Pada saat-saat ambang ini, roh menyelinap di antara sinapsis pikiran. Ilusi normal bahwa tidak ada apa pun di luar pawai tirani waktu profan ( chronos ) sirna, dan kita memiliki sedikit firasat tentang keabadian, kesadaran akan waktu sakral ( kairos ).

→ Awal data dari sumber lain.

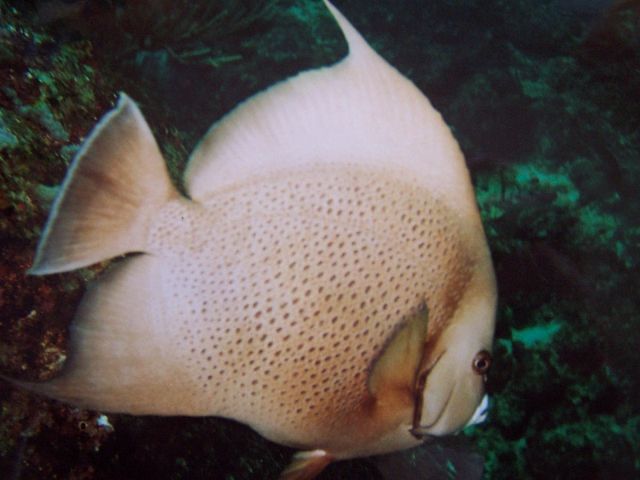 Die Sicht war gut und die Korallen und Fische sind sehr verschieden und sehr zahlreich. Manche Fische sind hier wesentlich größer, als wir sie bisher gesehen hatten. Vielleicht haben sie hier die besten Bedingungen, vielleicht fischt man auch nicht so viel, so dass sie die Chance haben, groß zu werden. Auch manche Korallen nehmen hier riesige Ausmaße an. Wir sahen verschiedene Arten von Kaiserfischen, Trompetenfische, einen Kugelfisch, Husarenfische, eine riesige Languste und viele Unbekannte.

Dalam kekosongan yang penuh ini kita mulai memahami batas pemahaman kita. Kita memperoleh pengetahuan diam-diam bahwa cara kita mengalami waktu dan dunia tidak lebih dari sekadar mekanisme, kategori, dan paradigma yang diciptakan oleh pikiran kita yang terbatas. Seperti kupu-kupu raja yang terbatas dalam migrasinya ke ketinggian rendah, sayap kita tidak akan membawa kita ke wilayah luar angkasa yang luas.
Nama yang tepat untuk pengalaman ketidaktahuan bukanlah mistisisme, melainkan kebijaksanaan. Ketika Socrates diberi tahu bahwa Oracle dari Delphi mengatakan bahwa dia adalah orang paling bijak di Yunani, dia menjawab bahwa itu hanya berarti dia tahu apa yang tidak dia ketahui. Kebijaksanaan berasal dari pengetahuan pasti tentang ketidaktahuan kita, dan mengajarkan kita bahwa kita hidup dalam lingkaran cahaya kecil yang dikelilingi oleh misteri yang sangat besar. Menurut tradisi, burung hantu---simbol Athena, dewi kebijaksanaan---mengembangkan sayapnya hanya saat senja tiba. Kebijaksanaan adalah seni melihat yang paradoks.
Tidak ada burung Wood Thrush di daerah hutan yang jarang di California tempat saya tinggal sekarang. Namun, ada banyak sekali burung hantu bertanduk besar, dan ketika mereka mulai mengeluarkan suara rendah dan menakutkan tepat setelah senja, saya seperti dibawa kembali ke masa lalu ketika saya berdiri diam di ambang pintu, mendengarkan ajakan burung thrush untuk bernyanyi di sore hari, dan mendengar gema samar musik hening dari bola-bola salju. Selama bertahun-tahun, nyanyian burung thrush yang seperti dukun secara bertahap telah mengubah saya menjadi seorang agnostik. Tidak tahu. Terkagum-kagum.